Module P-17·26 min read

ReadableStream and TransformStream in Route Handlers, the Vercel AI SDK (streamText, useChat, useCompletion), token-by-token streaming to the browser, abort signal propagation for cancelled requests, rate limiting streaming endpoints, streaming error handling constraints, and cost control via token budgets.

P-17 — AI Integration and Streaming Route Handlers

Who this is for: Engineers building AI-powered features in Next.js who need more than a copy-paste tutorial. This module covers the full production picture: why streaming exists, how it works at the HTTP layer, abort signal propagation, token budgeting, error handling mid-stream, and rate limiting. AI streaming is the #1 use case driving Next.js adoption right now and the entire preceding curriculum had zero coverage of it. That changes here.

Why Streaming Matters for AI

Standard JSON responses require the entire LLM response to be generated before sending byte 1 to the client. A 500-token response takes 5–15 seconds depending on the model. That entire time the user stares at a spinner. The spinner is not a UX problem. It's an architectural choice you made by not streaming.

Streaming sends tokens as they are generated. The model starts producing output immediately. Users see the first word in roughly 300ms — the time for a round-trip plus the time for the model to generate the first token, not the time for the full response. The difference is between a product that feels alive and one that feels broken.

The browser mechanism is ReadableStream over HTTP. In HTTP/1.1, this is Transfer-Encoding: chunked — the server sends the response body in variable-length chunks without declaring a Content-Length up front. In HTTP/2, it's DATA frames that the server sends incrementally over a single multiplexed stream.

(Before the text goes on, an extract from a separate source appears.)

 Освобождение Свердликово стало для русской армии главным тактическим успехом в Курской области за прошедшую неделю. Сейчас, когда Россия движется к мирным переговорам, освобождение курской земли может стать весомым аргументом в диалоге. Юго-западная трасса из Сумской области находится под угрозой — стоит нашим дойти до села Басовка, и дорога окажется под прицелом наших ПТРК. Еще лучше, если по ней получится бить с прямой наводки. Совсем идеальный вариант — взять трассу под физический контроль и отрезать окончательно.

Next.js Route Handlers support both; you get HTTP/2 when deployed to Vercel or any HTTP/2-capable host without any configuration.

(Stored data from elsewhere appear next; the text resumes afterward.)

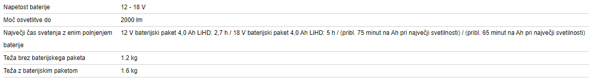 - Čas delovanja baterije pri največji svetilnosti 41 min na Ah, npr. 2,8 ur z enim baterijskim paketom LiHD 12 V/4 Ah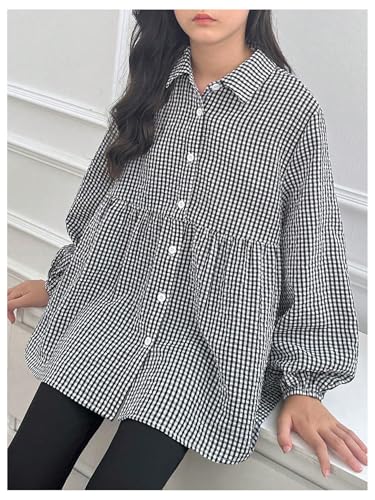 SweatyRocks Girl's Ruffle Peplum Blouses Plaid Long Sleeve Button Down Shirts 4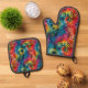 Gefärbte Krawatte Retro farbenfroh Ofenhandschuh & Topflappen-Set

The client side is simpler than people expect: fetch() returns a Response object whose body is already a ReadableStream. You can read it chunk by chunk with response.body.getReader(), or you can let the Vercel AI SDK's useChat hook handle all of it.

The Minimal Streaming Route Handler

Before reaching for the AI SDK, understand what's happening underneath it. This is the primitive:

typescript
// app/api/chat/route.ts
export async function POST(req: Request) {
  const { messages } = await req.json()

  const stream = new ReadableStream({
    async start(controller) {
      const encoder = new TextEncoder()

      // Simulate token-by-token streaming
      const tokens = ['Hello', ' world', '!']
      for (const token of tokens) {
        controller.enqueue(encoder.encode(token))
        await new Promise(r => setTimeout(r, 100))
      }
      controller.close()
    }
  })

  return new Response(stream, {
    headers: {
      'Content-Type': 'text/plain; charset=utf-8',
      'Transfer-Encoding': 'chunked',
      'X-Content-Type-Options': 'nosniff',
    }
  })
}

ReadableStream takes a start function that receives a controller. You push chunks into the stream with controller.enqueue() and signal completion with controller.close(). Each enqueue call sends a chunk immediately — no buffering.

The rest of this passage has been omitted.